(RECORDED INFORMATION Opens)
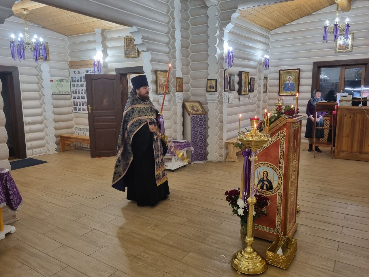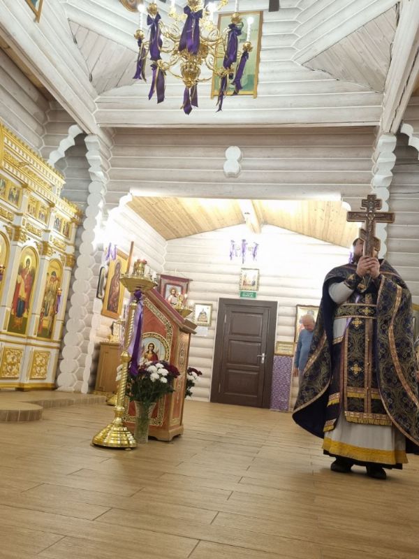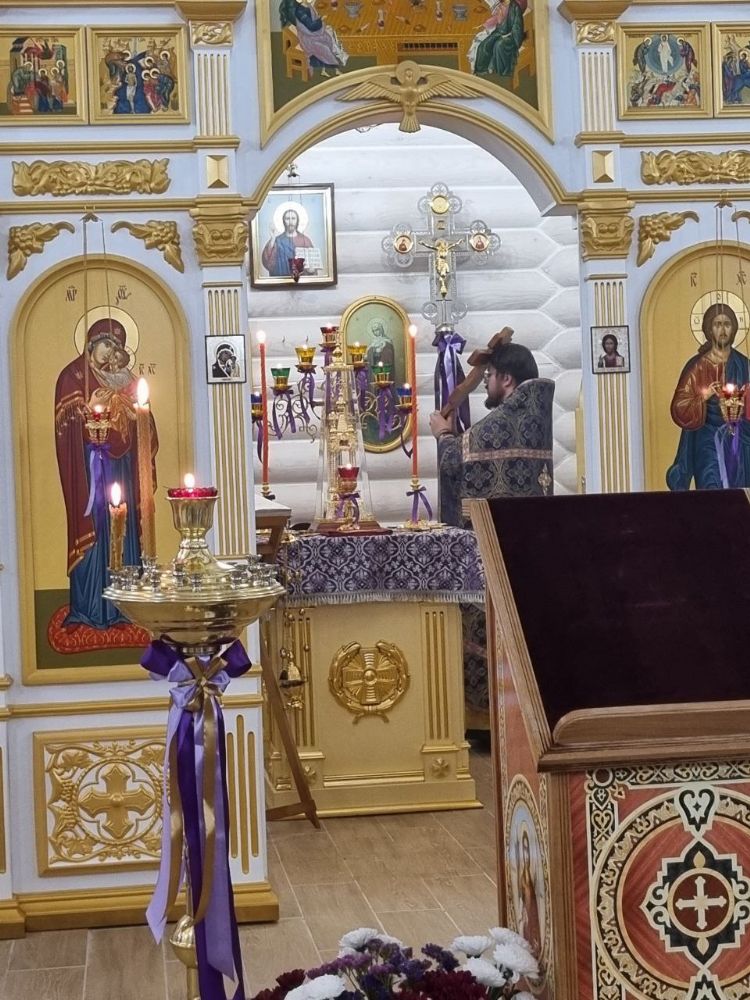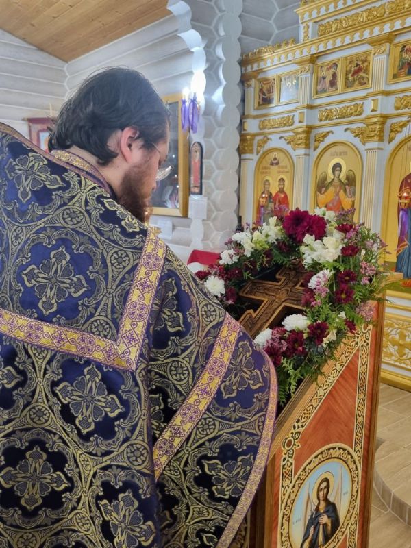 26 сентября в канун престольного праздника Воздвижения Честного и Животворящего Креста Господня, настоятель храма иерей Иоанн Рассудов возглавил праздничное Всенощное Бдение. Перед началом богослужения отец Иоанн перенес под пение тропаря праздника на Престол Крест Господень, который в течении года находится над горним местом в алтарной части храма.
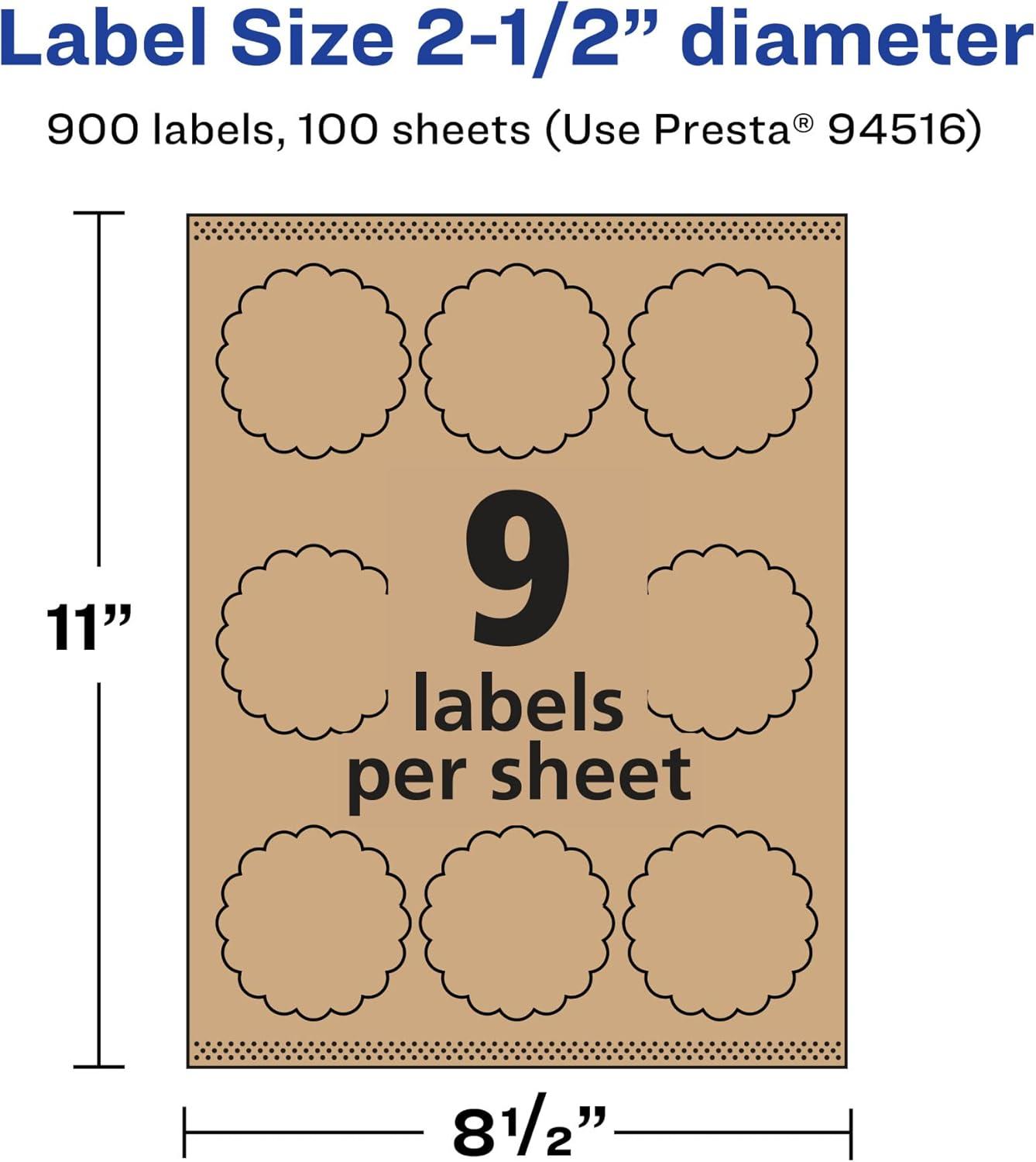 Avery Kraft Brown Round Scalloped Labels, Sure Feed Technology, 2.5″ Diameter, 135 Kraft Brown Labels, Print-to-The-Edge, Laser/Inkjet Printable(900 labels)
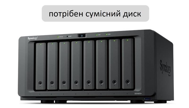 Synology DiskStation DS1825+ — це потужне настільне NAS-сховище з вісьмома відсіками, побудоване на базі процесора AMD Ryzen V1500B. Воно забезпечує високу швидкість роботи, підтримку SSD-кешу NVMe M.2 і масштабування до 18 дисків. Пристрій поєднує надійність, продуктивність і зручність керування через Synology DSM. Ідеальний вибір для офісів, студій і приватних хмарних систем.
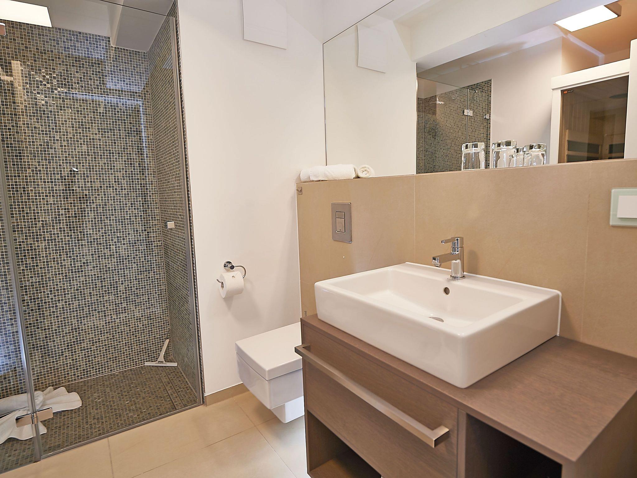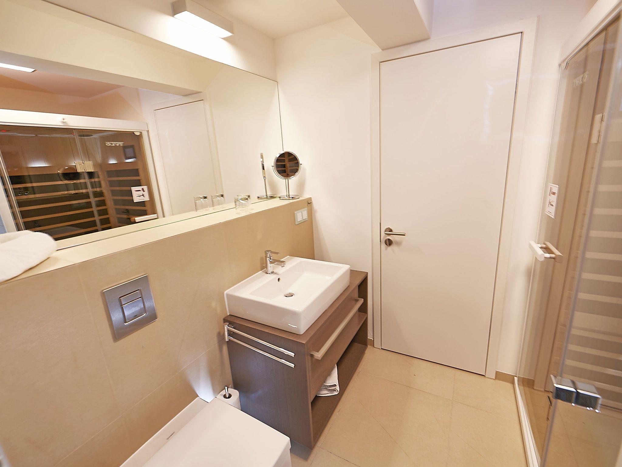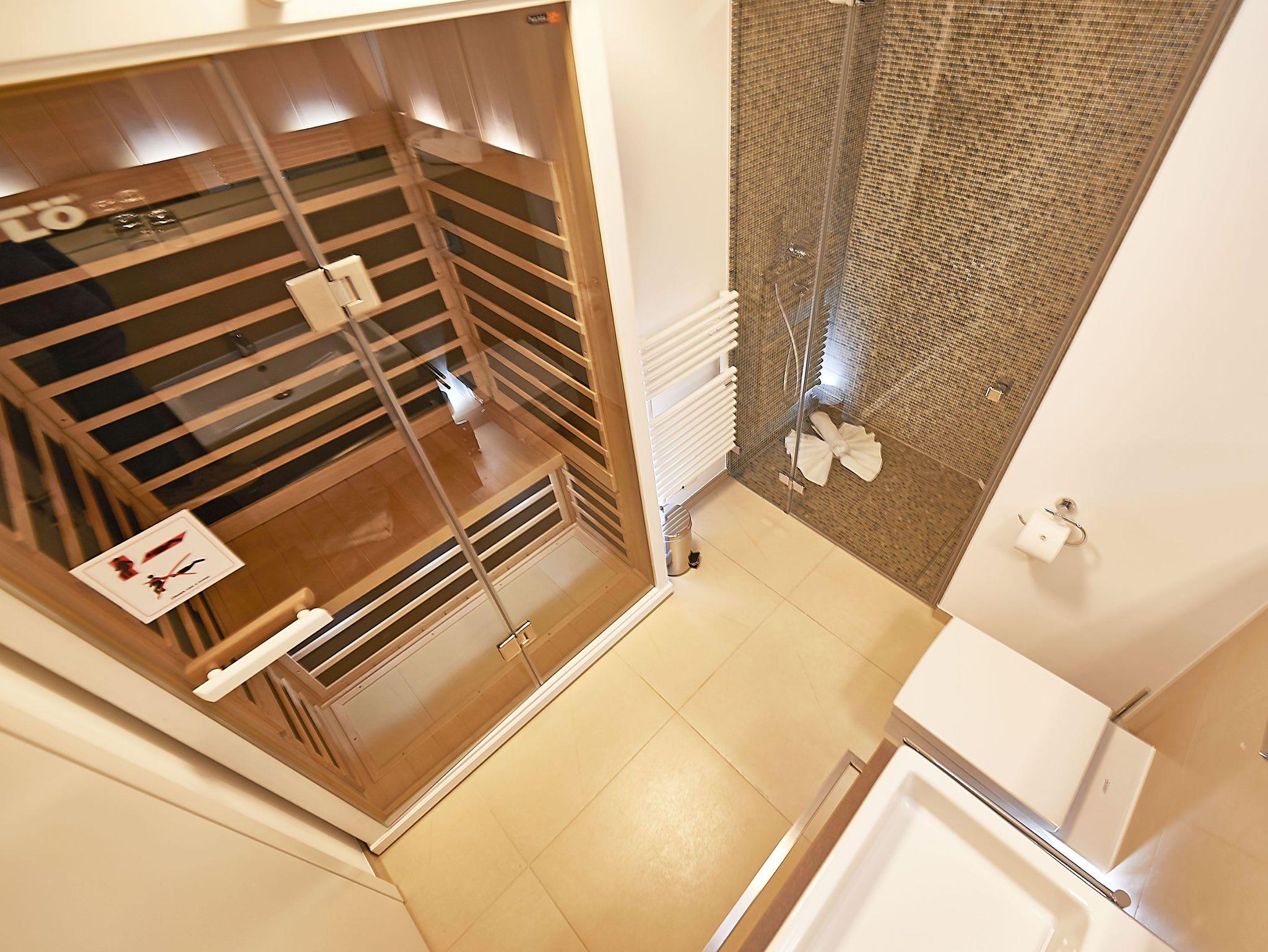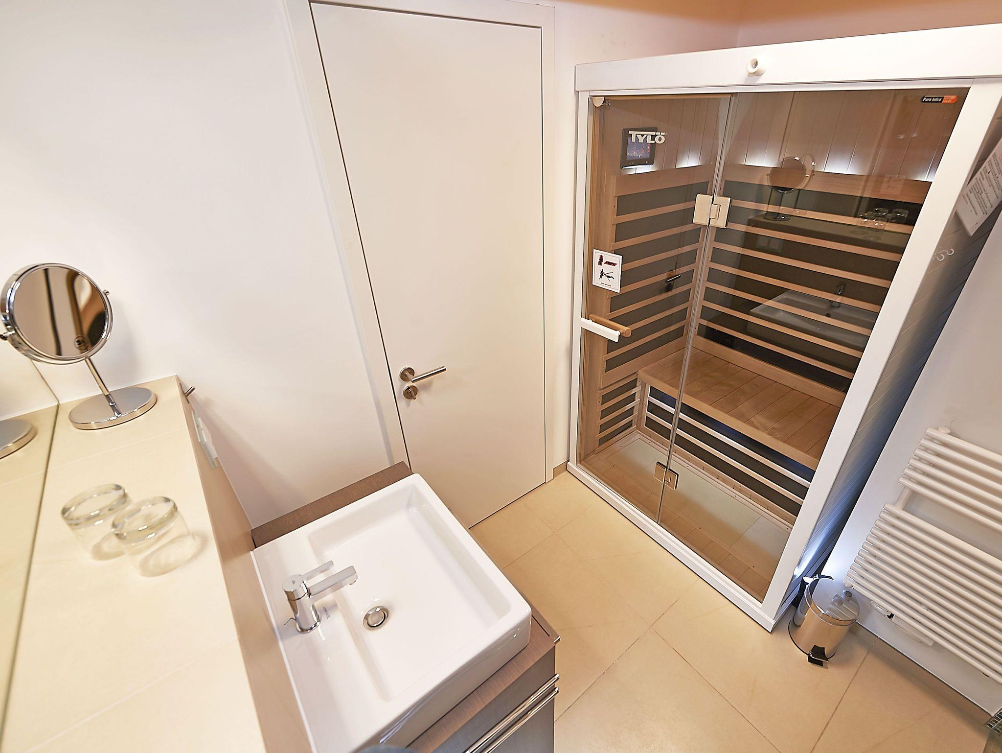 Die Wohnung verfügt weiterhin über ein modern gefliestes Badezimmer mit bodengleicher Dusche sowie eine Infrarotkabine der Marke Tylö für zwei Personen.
(RECORDED INFORMATION Closes)
■ **DIRECTIONS FOR THIS TASK**: With the pictures left out, give again exactly the lines from the one that contains "Avery Kraft Brown" through the final line of the data above.

■ **FINISHED EXERCISE**:
 Avery Kraft Brown Round Scalloped Labels, Sure Feed Technology, 2.5″ Diameter, 135 Kraft Brown Labels, Print-to-The-Edge, Laser/Inkjet Printable(900 labels)
 Synology DiskStation DS1825+ — це потужне настільне NAS-сховище з вісьмома відсіками, побудоване на базі процесора AMD Ryzen V1500B. Воно забезпечує високу швидкість роботи, підтримку SSD-кешу NVMe M.2 і масштабування до 18 дисків. Пристрій поєднує надійність, продуктивність і зручність керування через Synology DSM. Ідеальний вибір для офісів, студій і приватних хмарних систем.
 Die Wohnung verfügt weiterhin über ein modern gefliestes Badezimmer mit bodengleicher Dusche sowie eine Infrarotkabine der Marke Tylö für zwei Personen.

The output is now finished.